An emergency fund not only protects you from unforeseen circumstances, it also ensures that you do not resort to touching your retirement savings, long-term investments, or any other source of money that is designated for a specific objective.
3. Just Index It
Like an ASP, index investing is a terrific investing technique for young graduates who do not possess the time or the skill to understand how the financial markets operate.
The lack of knowledge or understanding or basic investment practices is sometimes a hindrance for those who sit on the sidelines and choose to instead allocate their money towards low interest rate accounts.
Therefore, index investing – a passive method of parking your money in a fund that emulates a broader index – can be an easy, stress-free way of engaging in stocks without landing yourself knee-deep in risk.
4. Dividend Stocks
Since new graduates are most likely to be beginning investors, you want to start your investment journey on a high note. The trick? Purchasing dividend stocks.

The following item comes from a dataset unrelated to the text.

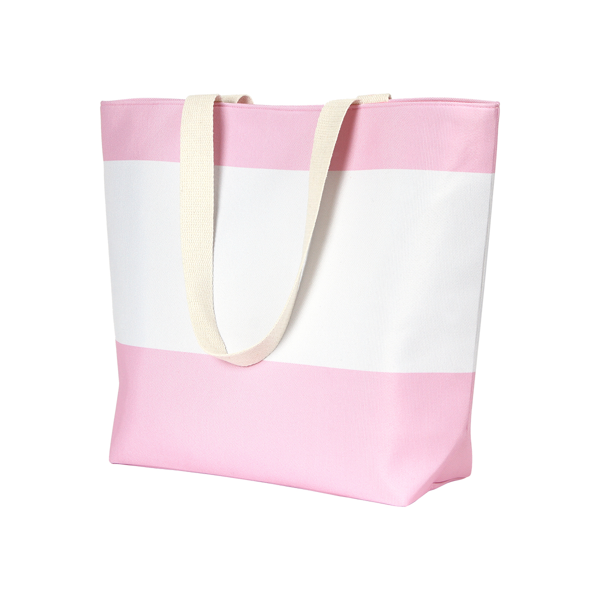 Bolsa de mano fabricada en tela de algodón y poliéster. Incluye dos asas y diseño a rayas. Su espacio y diseño son óptimos para guardar diversidad de objeto. Su diseño en colores primaverales le hace vistosa.

A dividend is a portion of profits a company makes and distributes every month, quarter, or year.
Indeed, many dividend-paying stocks can give you a decent amount of income that is certainly greater than what you would receive from placing everything you have in a savings account.
Need a place to start? Here are some dependable dividend stocks to research:
- QUALCOMM Incorporated (QCOM): 1.58%
- Starbucks Corporation (SBUX): 1.77%
- Target Corporation (T): 1.47%
- McDonald’s Corp (MCD): 2.4%
- The Clorox Company (CLX): 2.17%
5. CD Laddering
If stocks are not your thing right now, you can still employ a saving-investing hybrid strategy to grow your money. Are you aware of certificates of deposits, or CDs?

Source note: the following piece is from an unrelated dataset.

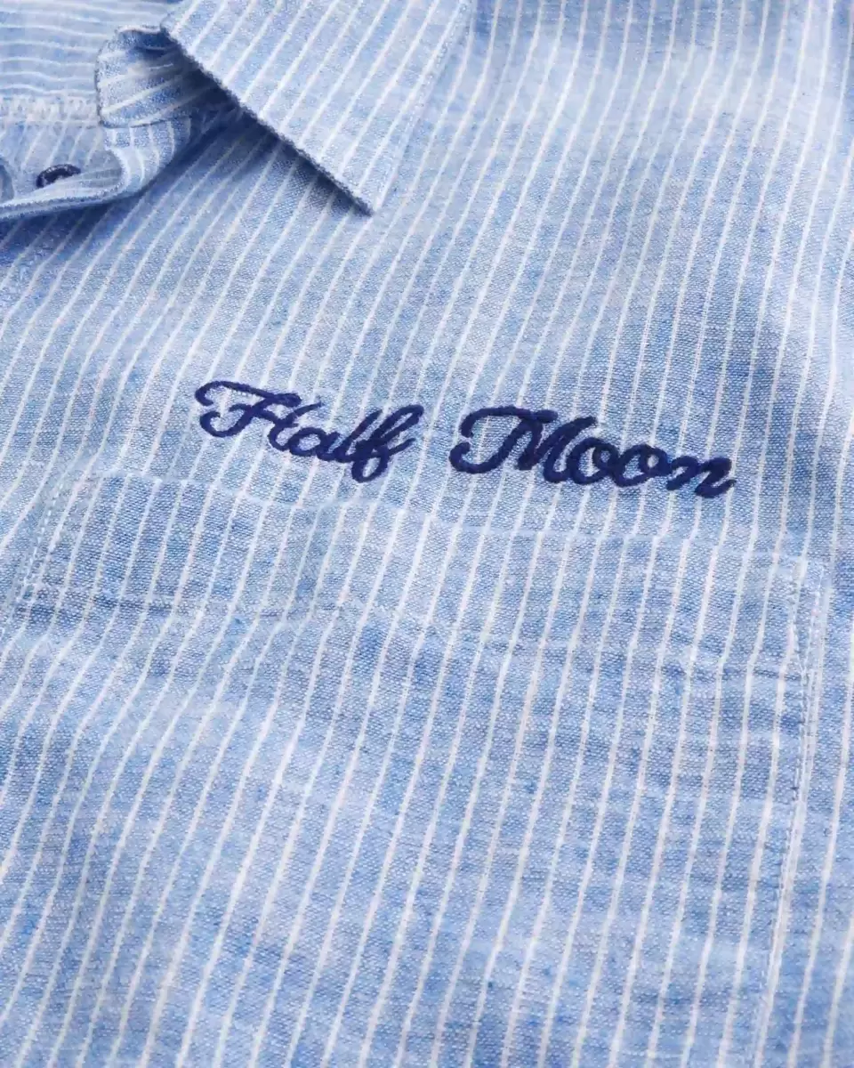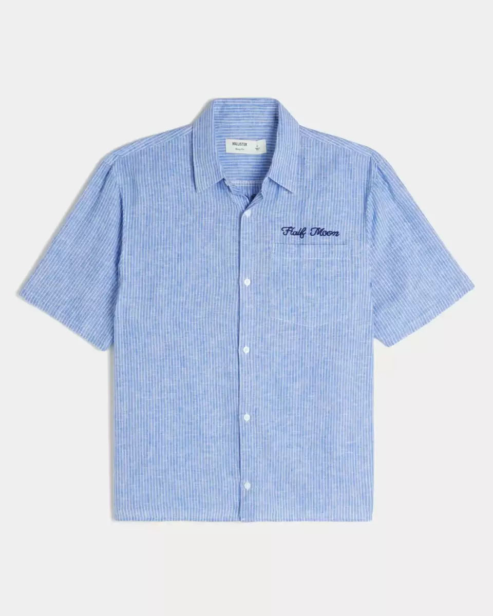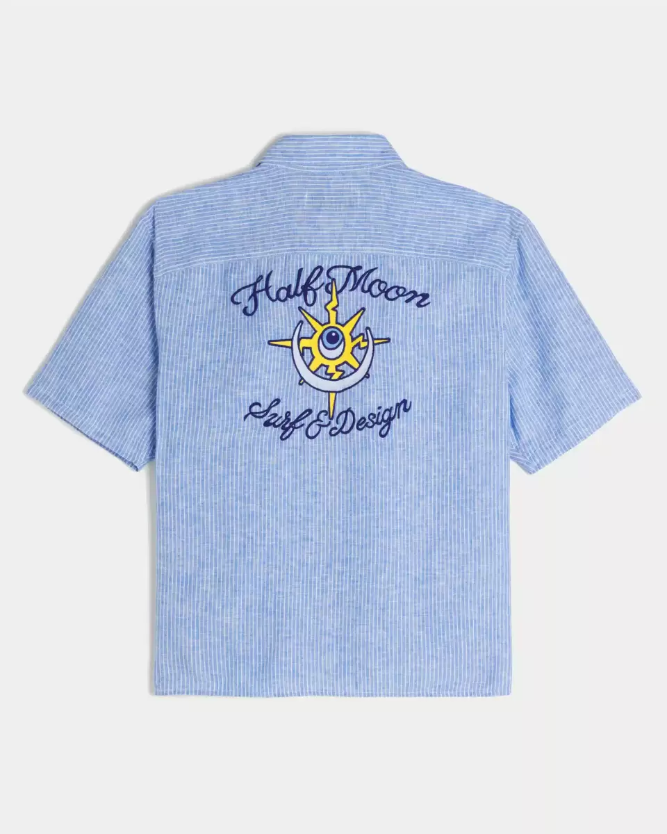 This classic shirt is made with a soft linen blend and features Half Moon graphic embroidery above the left chest pocket and at the back. Camp collar, short sleeves, full button closure. Boxy Fit. Imported.

A CD is offered by financial institutions that give clients an interest rate in exchange for depositing their money for a predetermined length of time. The kicker is that you cannot touch it.
The problem with CDs is that the rates are low. However, there is a tactic to squeeze out every penny from these no-risk products: climbing the ladder.
CD laddering works like this: you divide the amount of money you wish to deposit into five categories, and you purchase five CDs with different maturities (one year, two year, three year, four year, and five year). When each CD matures, you reinvest the principal plus interest.
This way, you can potentially take advantage of higher rates (hopefully!) and if you need to, access your capital without paying a steep penalty.
6. Is the Roof on FIRE?
FIRE is all the rage for young people these days. It is often promoted by various articles and media personalities discussing how someone in his or her late 20s is close to being a millionaire because of FIRE. So, what is it?
FIRE is a clever acronym for Financial Independence, Retire Early. Essentially, it is a program of extreme savings and maximum investing that minimizes budgets and permits retirement plans earlier than most people are accustomed to all these years.
According to DaveRamsey.com, it is doable if you execute some of these tips:
- Start planning now about your retirement, no matter how young you are.
- Find ways to keep your expenses low.
- Look for ways to increase your income.
- Prioritize your savings and investments.
- Do not mess with credit cards and stay out of debt.
It might be easier said than done, but with some willpower and strategizing, you could perhaps put together a nice little nest egg by the time you reach your 30s! Early retirement, here you come!